# ACTION ITEM
Starting at the first line of the entries below, please return exactly each line up to and including the one with "中公和研途两个机构的销售人员"; pictures stay out.

==== DATA RECORDS ====

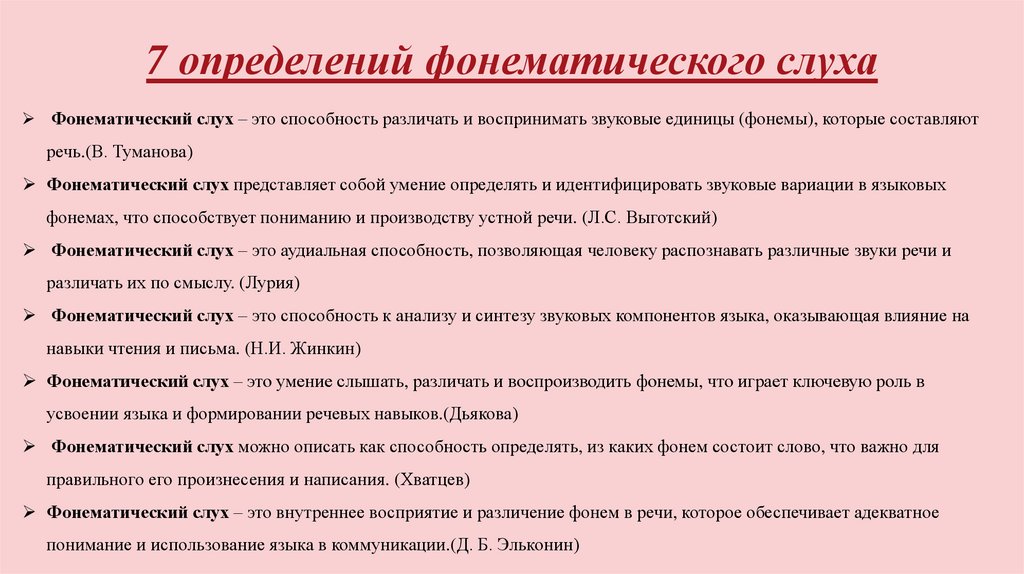 7 определений фонематического слухаФонематический слух – это способность различать и воспринимать звуковые единицы (фонемы), которые составляют
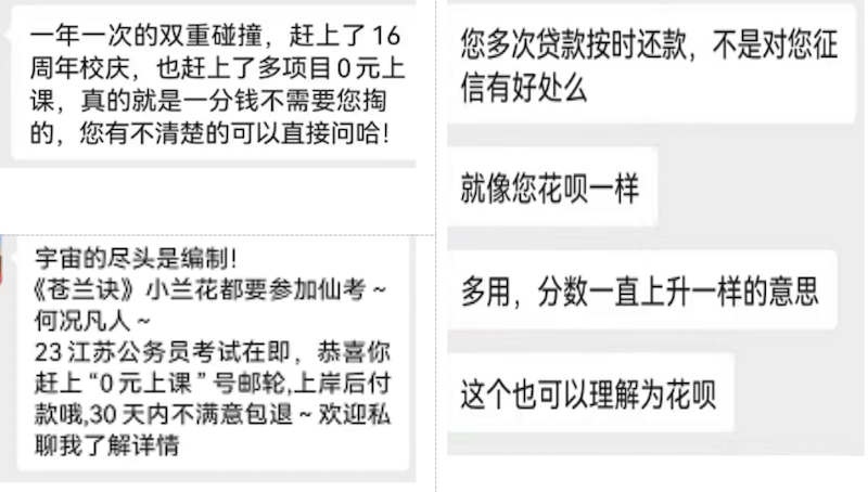 中公和研途两个机构的销售人员向体察员主动推销消费贷款或者分期服务。中公教育的销售人员会使用“0元学”或是“0元惠学”等宣传用语吸引消费者。但是体察人员在详细了解后发现“0元学”课程实际并非免费,而是需要贷款,只有在学员没有通过考试的情况下,培训机构会免除学费。销售人员还使用“助学贷款”概念误导消费者,类比“花呗”等产品,模糊其消费贷款本质。
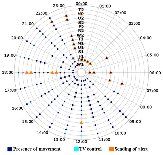 Figure 7 shows the motion detection (dark blue) and interaction with the TV remote control (light blue) over two weeks (starting on Wednesday), for 24 h each day. In addition, Figure 7 shows the alert messages that were sent by the SecurHome system (orange).
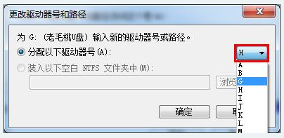 4、接下來在驅(qū)動(dòng)器號(hào)下拉列表中重新分配一個(gè)盤符,然后點(diǎn)擊“確定”,如下圖所示:
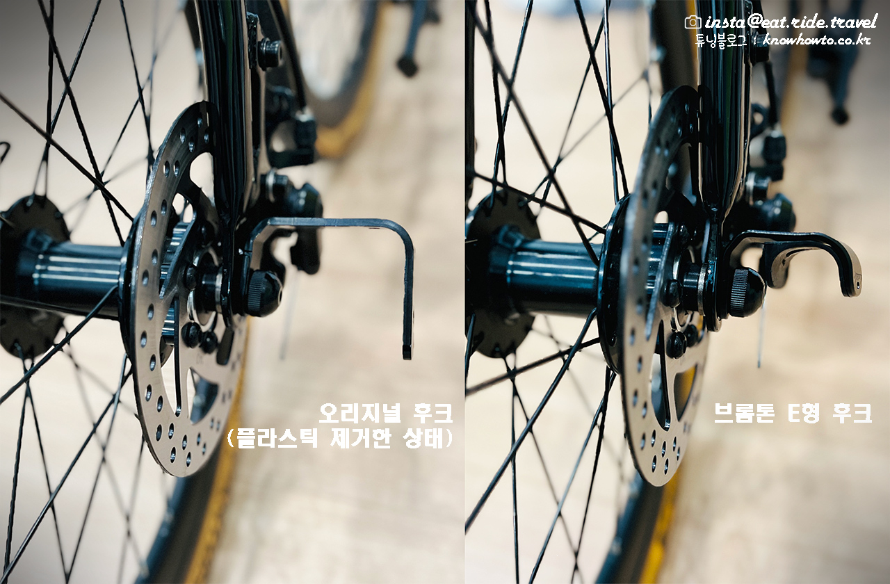 브롬톤이나 파이크, 식스티는 모두 리어랙을 제거하면 E형후크를 달면 쉽게 해결이 되는데
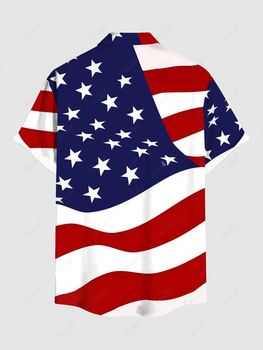 Plus Size Patriotic American Flag Print Buttons Pocket Shirt For Men
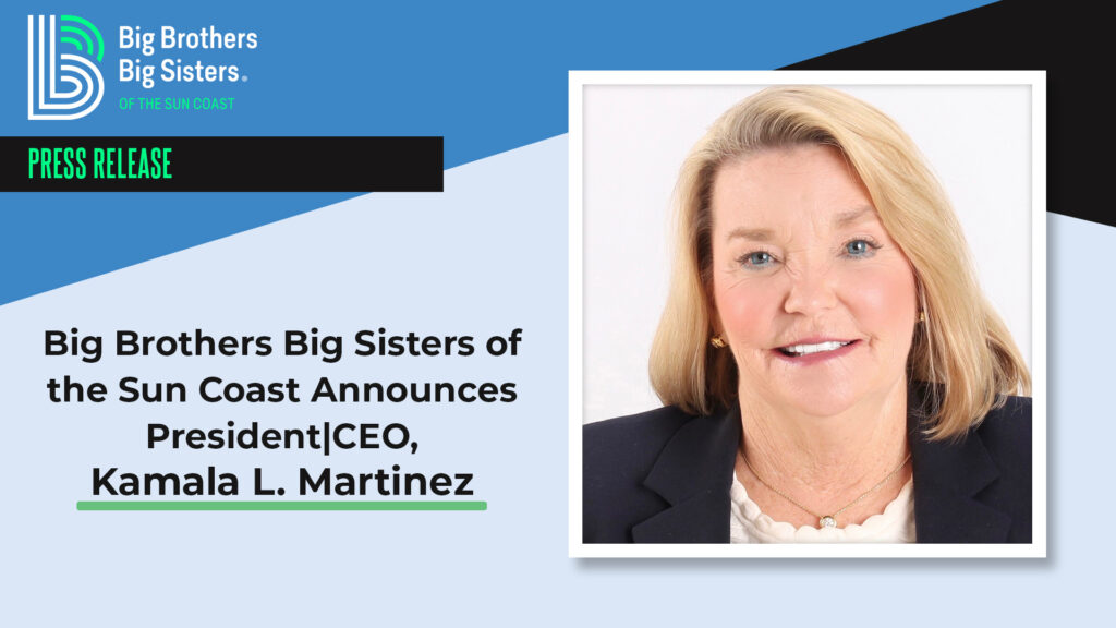 “I am deeply honored that the Big Brothers Big Sisters of the Sun Coast Board of Directors has entrusted me to lead the organization into its next phase of growth, shared Big Brothers Big Sisters of the Sun Coast CEO, Kamala Martinez. “I look forward to engaging more Bigs to have meaningful relationships that empower and positively impact more Littles.”
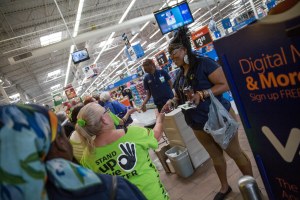 10152014 – Our Walmart protestors began by staging an action at the Walmart on 3721 E. Thomas Road in Phoenix, Ariz. Wednesday afternoon. Protestors asked for petition signatures and thanked employees for their work inside the store before heading to the home of Robert Walton, chairman of Walmart’s board of directors, in Paradise Valley, Ariz. Protestors held a demonstration and delivered the petition to the home of the chairman. Photo by Deanna Dent
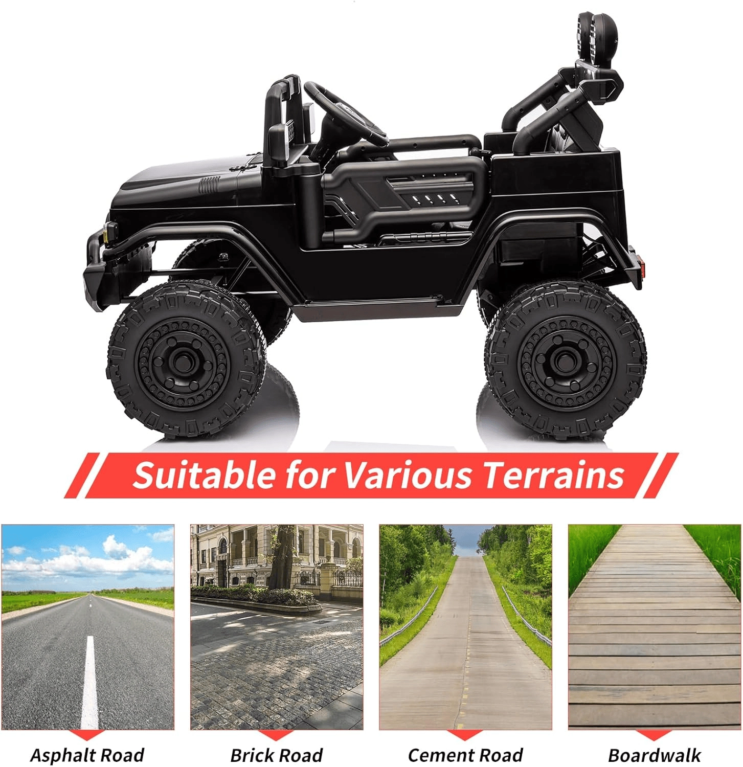 - Enostavno upravljanje: volan in pedal za otroka, prestava naprej/nazaj, odpirajoča se vrata za udoben vstop.
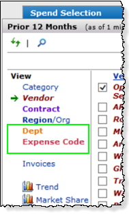 Two additional selectors are available: Dept and Expense Code (GL account). See Figure 1A. To use these selectors (which are not otherwise visible), the application must have your department spend and expense account data populated in its tables from your general ledger. If you wish to analyze spend using the Dept and Expense Code selectors, contact the Solutions Center (aka, HelpDesk) to discuss how to provide the data to SCM. (Stand-alone sites use connectors.)
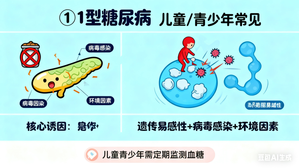 这类糖尿病的发病与 “吃糖多少” 毫无直接关联,主要诱因包括遗传易感性(如家族中有 1 型糖尿病患者)、病毒感染(如柯萨奇病毒、风疹病毒感染可能触发免疫反应)、环境因素(如婴儿期过早接触牛奶蛋白)。例如,有些孩子从未吃过甜食,却因病毒感染后免疫紊乱,突然出现多饮、多尿、体重骤降等 1 型糖尿病症状,需终身依赖胰岛素治疗。
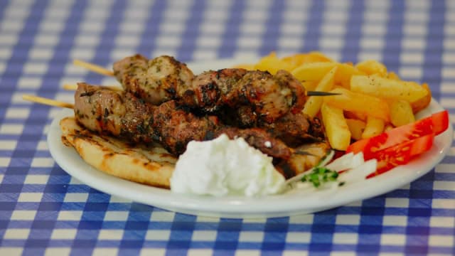 Galletto grigliato con burro e spezie, servito con pita, pomodoro fresco, cipolla, tzatziki e patatine fritte.
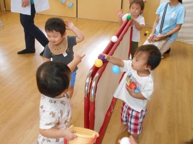 ぶどう組(1歳児)の様子をお知らせします。ボール遊びでは、壁の穴にボールを通して友達に渡したり、ボールを投げて的に当てたり、溝をつくって転がしたりして楽しんでいます。ボール遊びは視覚と触覚の運動感覚の刺激につながります。
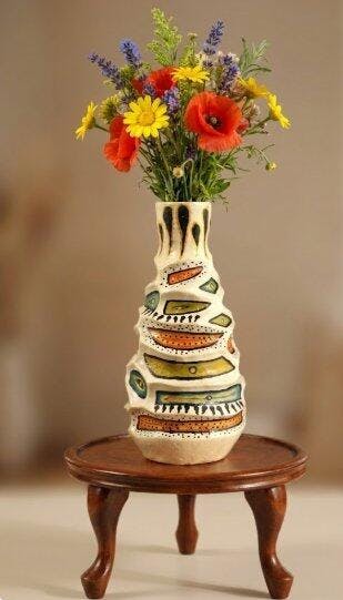 Expertly hand-painted, this Boho-inspired ceramic vase infuses your décor with a lively and colorful accent. Its unique design and vibrant hues make it a standout piece that enhances any space with artistic charm. Ideal for both modern and eclectic interiors, this vase adds depth and personality while reflecting a love for handcrafted quality and style.

====

# RESULT FOR THIS EXERCISE
 7 определений фонематического слухаФонематический слух – это способность различать и воспринимать звуковые единицы (фонемы), которые составляют
 中公和研途两个机构的销售人员向体察员主动推销消费贷款或者分期服务。中公教育的销售人员会使用“0元学”或是“0元惠学”等宣传用语吸引消费者。但是体察人员在详细了解后发现“0元学”课程实际并非免费,而是需要贷款,只有在学员没有通过考试的情况下,培训机构会免除学费。销售人员还使用“助学贷款”概念误导消费者,类比“花呗”等产品,模糊其消费贷款本质。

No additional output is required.